# What you will do:
Below are some records. Write out exactly their lines from the one with "black lace camisole, slip" through the one with "REF-180H2R - SKU: 38144", and leave the pictures behind.

# The data:
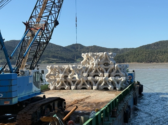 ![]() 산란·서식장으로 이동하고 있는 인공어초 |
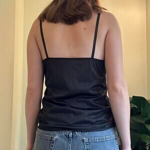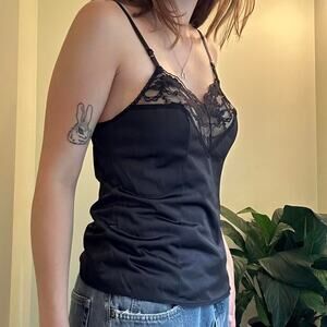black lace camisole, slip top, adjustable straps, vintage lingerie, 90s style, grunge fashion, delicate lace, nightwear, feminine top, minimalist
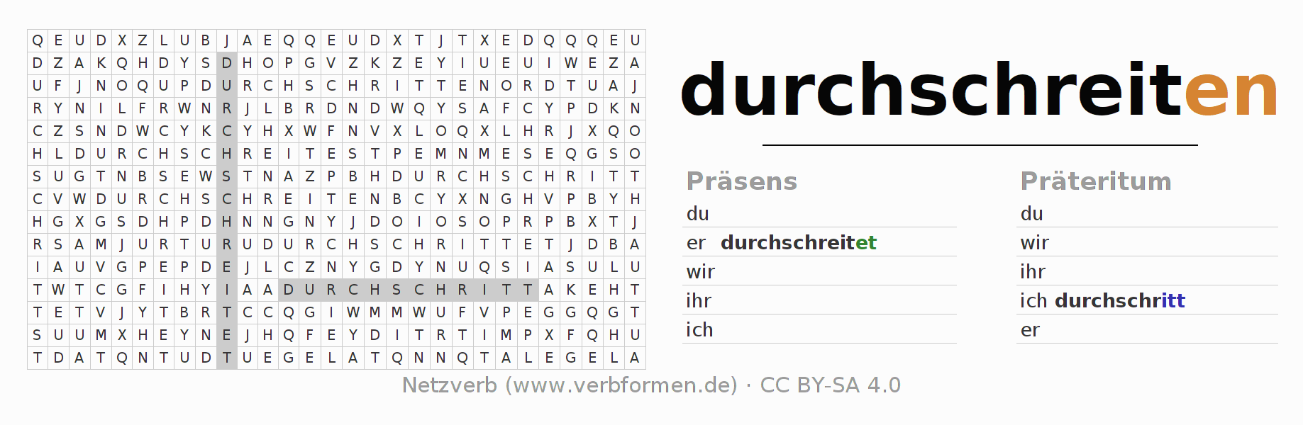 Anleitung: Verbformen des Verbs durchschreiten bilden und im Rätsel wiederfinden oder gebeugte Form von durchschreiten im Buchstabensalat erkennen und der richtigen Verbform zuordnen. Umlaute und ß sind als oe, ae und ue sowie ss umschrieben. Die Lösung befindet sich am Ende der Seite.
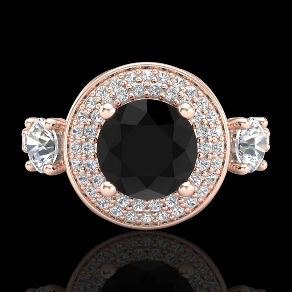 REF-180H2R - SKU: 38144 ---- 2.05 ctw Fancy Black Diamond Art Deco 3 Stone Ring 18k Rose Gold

==

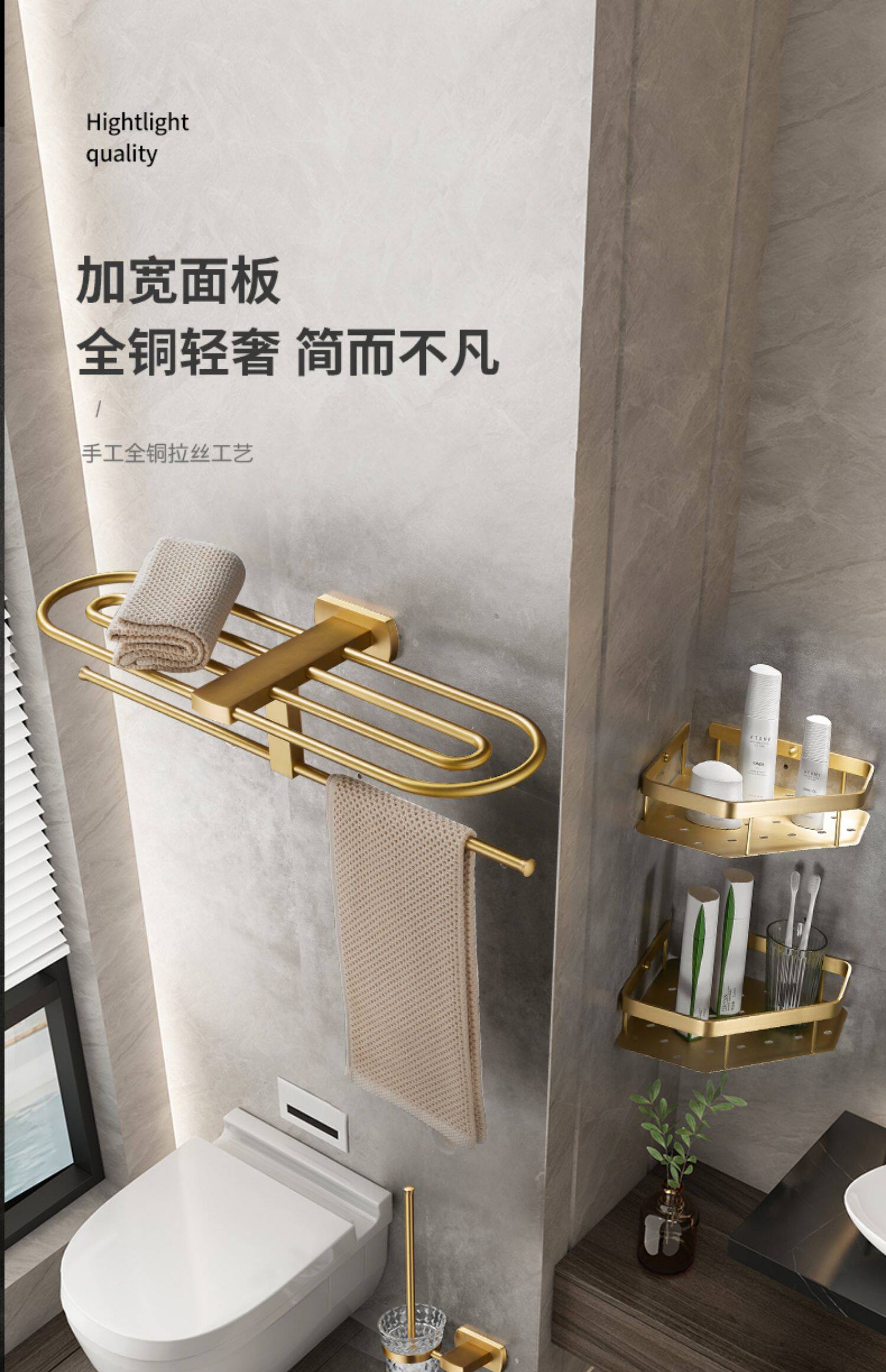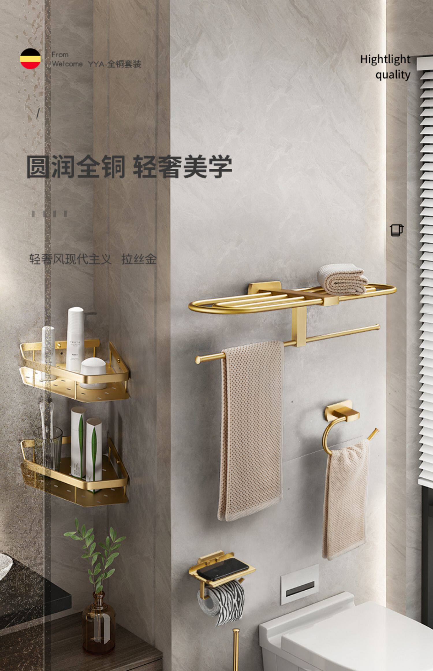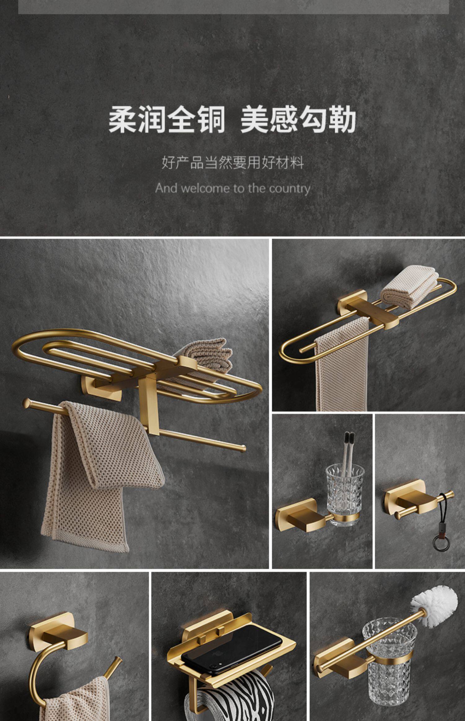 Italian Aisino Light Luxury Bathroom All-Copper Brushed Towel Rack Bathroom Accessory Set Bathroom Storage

# Response for this exercise:
black lace camisole, slip top, adjustable straps, vintage lingerie, 90s style, grunge fashion, delicate lace, nightwear, feminine top, minimalist
 Anleitung: Verbformen des Verbs durchschreiten bilden und im Rätsel wiederfinden oder gebeugte Form von durchschreiten im Buchstabensalat erkennen und der richtigen Verbform zuordnen. Umlaute und ß sind als oe, ae und ue sowie ss umschrieben. Die Lösung befindet sich am Ende der Seite.
 REF-180H2R - SKU: 38144 ---- 2.05 ctw Fancy Black Diamond Art Deco 3 Stone Ring 18k Rose Gold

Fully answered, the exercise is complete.